Some of the functions in the database contain vulnerabilities and were exploited by hackers in the past (see Heartbleed cyberattack.) The full database is not shown and has 129365 data points.

Why is this useful? Let’s say you have a piece of software, like firmware for an IoT device and you want to determine whether the functions in there are similar to known openSSL vulnerabilities. You would take all the functions in the firmware and perform a similarity search against the database. If a query is close to any clusters and that cluster represents a vulnerable openSSL function, you can likely classify the function as also being vulnerable.

But how do we make this fast and accurate? That was the topic of the paper — Neural Network-based Graph Embedding for Cross-Platform Binary Code Similarity Detectionwhich was the inspiration for this blog series.

Graphs To Vectors

The key to making code similarity search fast is to convert the software into a much smaller representation. The paper takes the following approach:

♦  First, the software is broken up into functions.

♦  Each function is converted into an attributed control flow graph (for background, see part 2.)

♦  The control flow graph is converted into a 64-dimensional vector (often called an embedding.)

♦  Then search is performed against an embedding database of known vulnerabilities and malware.

 

How is a graph converted into a vector? This is accomplished through a neural network. The paper used a model called Structure2Vec, which is one way to convert an arbitrary graph structure into a compact vector. The image below shows the architecture:

 

Structure2Vec Neural Network, which produces an embedding given an arbitrary graph

 

The key is that the neighborhood around each vertex of the graph contributes its attributes to the overall graph embedding (for more details, see part 2.)

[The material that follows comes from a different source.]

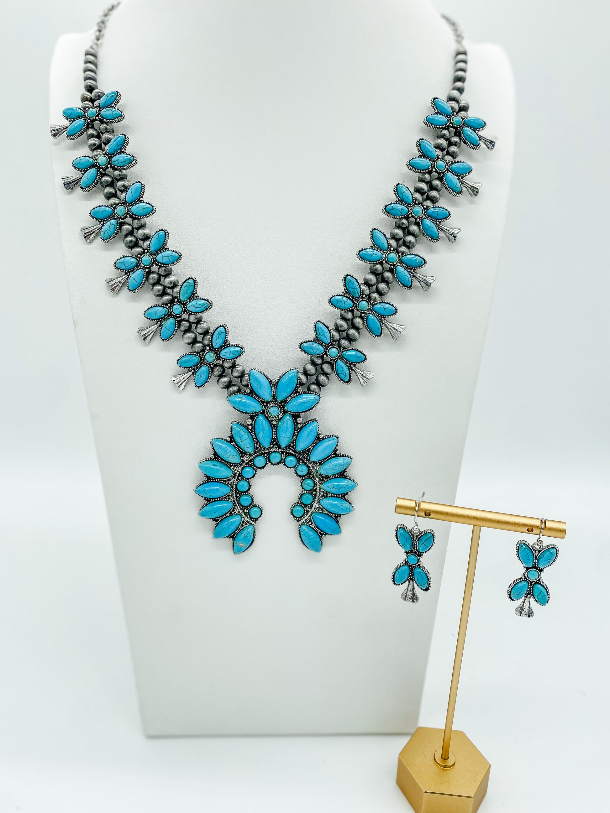 This beautiful turquoise western set features a silver tone metal and turquoise stones. The set includes a necklace and earrings with a classic squash blossom design. Wear this timeless set together to add a touch of western flair to any outfit.

Now, how does this model enforce similarity and dissimilarity of the embeddings? This is accomplished during training using the Siamese architecture shown below:

 

Siamese Network, which forces embedding pairs to be close or far depending on code similarity

 

Notice the cosine distance computes a similarity of two embeddings in the high dimensional space. During training, we forced the embeddings to be close to each other by 1) choosing pairs in the training data are similar and 2) setting the cosine distance to 1. Also, we forced embeddings to be far apart by 1) choosing pairs in the training data that are dissimilar and 2) setting the cosine distance to -1.

The end result is a model that produces compact of representation of software that is useful for fast and accurate code similarity search.

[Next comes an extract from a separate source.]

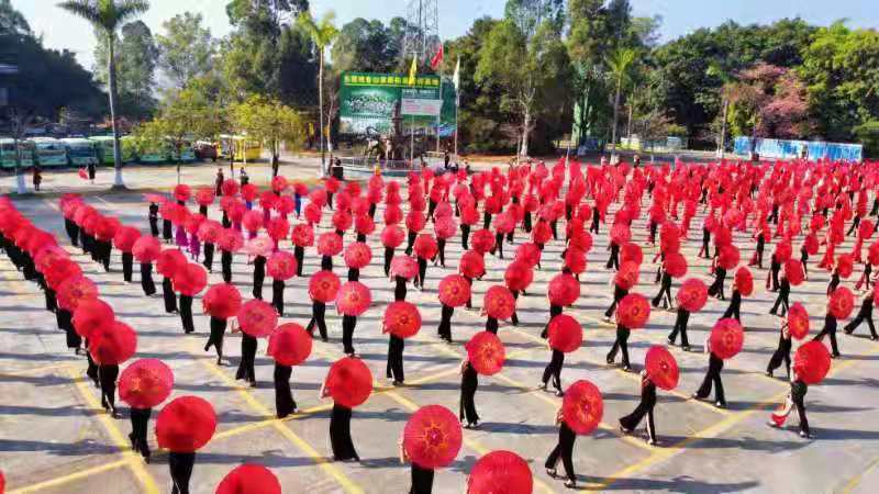 12月22日上午,觀音山會(huì)展中心廣場(chǎng)精彩不斷,作為2019—2020年?yáng)|莞市旗袍文化藝術(shù)協(xié)會(huì)總結(jié)表彰大會(huì)暨首屆旗袍文化藝術(shù)節(jié)的重磅開(kāi)場(chǎng)節(jié)目,不僅有旗袍與紅色油紙傘相結(jié)合的《中華情》舞蹈表演,還精心準(zhǔn)備了旗袍與折扇相結(jié)合的《粉墨情緣》舞蹈表演,讓現(xiàn)場(chǎng)的領(lǐng)導(dǎo)嘉賓及游客們大飽眼福,連連稱贊。伴隨著一曲優(yōu)美動(dòng)聽(tīng)的《中華情》響起,千余名旗袍佳麗撐著紅色油紙傘,整齊排列。旗袍佳麗們優(yōu)雅舞動(dòng)起來(lái),吸引不少游客圍觀、拍照。
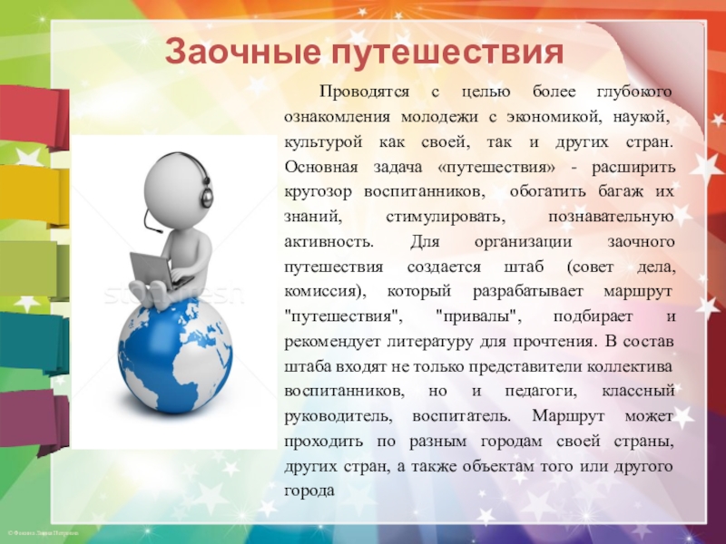 наукой, культурой как своей, так и других стран. Основная задача «путешествия» - расширить кругозop воспитанников, обогатить багаж их знаний, стимулировать, познавательную активность. Для организации заочного путешествия создается штаб (совет дела, комиссия), который разрабатывает маршрут "путешествия", "привалы", подбирает и рекомендует литературу для прочтения. В состав штаба входят не только представители коллектива воспитанников, но и педагоги, классный руководитель, воспитатель. Маршрут может проходить по разным городам своей страны, других стран, а также объектам того или другого города

As we showed in the last blog, we can train the model to produce a highly accurate embeddings for code similarity and we can achieve an AUC score of 97%.

Conclusion

As we can see code similarity search can be an effective tool in determining whether or not a piece of software contains a vulnerability. Although we do not show it here, the same similarity search technique can be used to classify arbitrary code as malicious or malware.

In future work, we plan to investigate a few other directions inspired by the work we did for this blog series:

♦  Test against much larger databases of known vulnerabilities and malware.

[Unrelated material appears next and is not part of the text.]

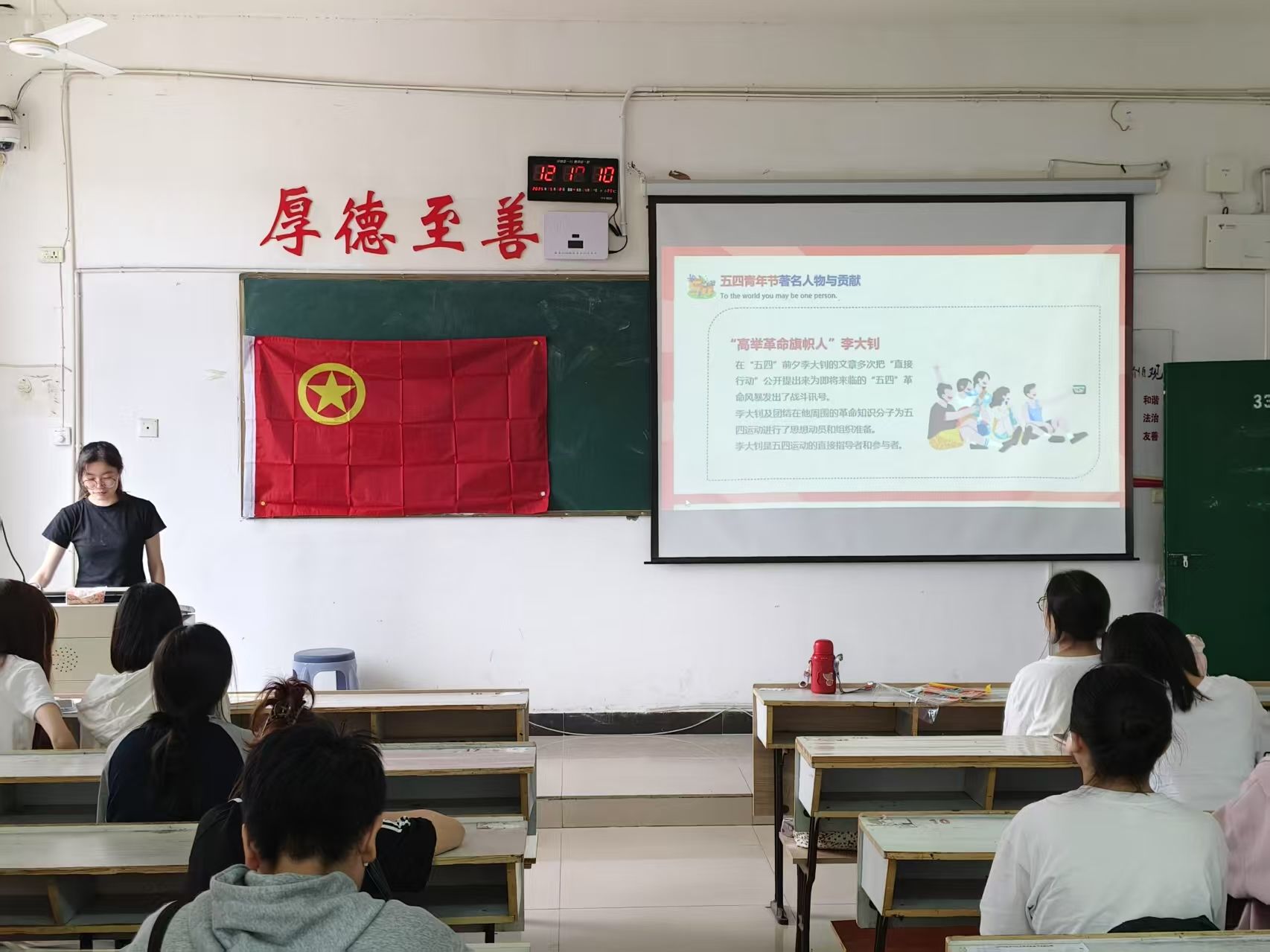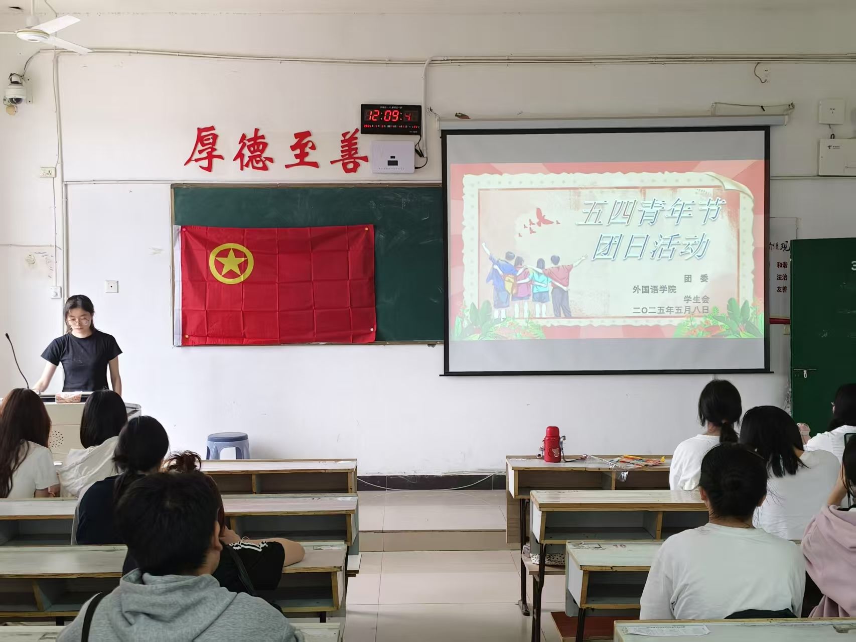 为了纪念五四运动,传承五四精神,彰显青年担当,beats365亚洲版官网于2025年5月8日上午9:00在英华楼3301教室举办“五四青年节”团日活动。到场的嘉宾有beats365亚洲版官网团委副书记裘佳美,团委员工会主席黄胜兰,团委员工会副主席邹奕姿,团委书记助理欧阳娜、黄煜婷,办公室主任罗静雯以及全体团委员工会学干。

♦  Explore other graph embedding techniques such as DeepWalk.

♦  Investigate other contrastive loss architectures including triplet loss.

♦  Learn even more compact numeric representations called binary codes, a bit vector instead of a floating point vector.

♦  Explore other techniques to visualize this type of vector database since we found t-SNE very challenging for this kind of dataset.

♦  Plan to use GSI Gemini similarity search accelerator technology to speed up similarity search since performing code similarity search on a large database (millions of data points) will likely be slow without some help.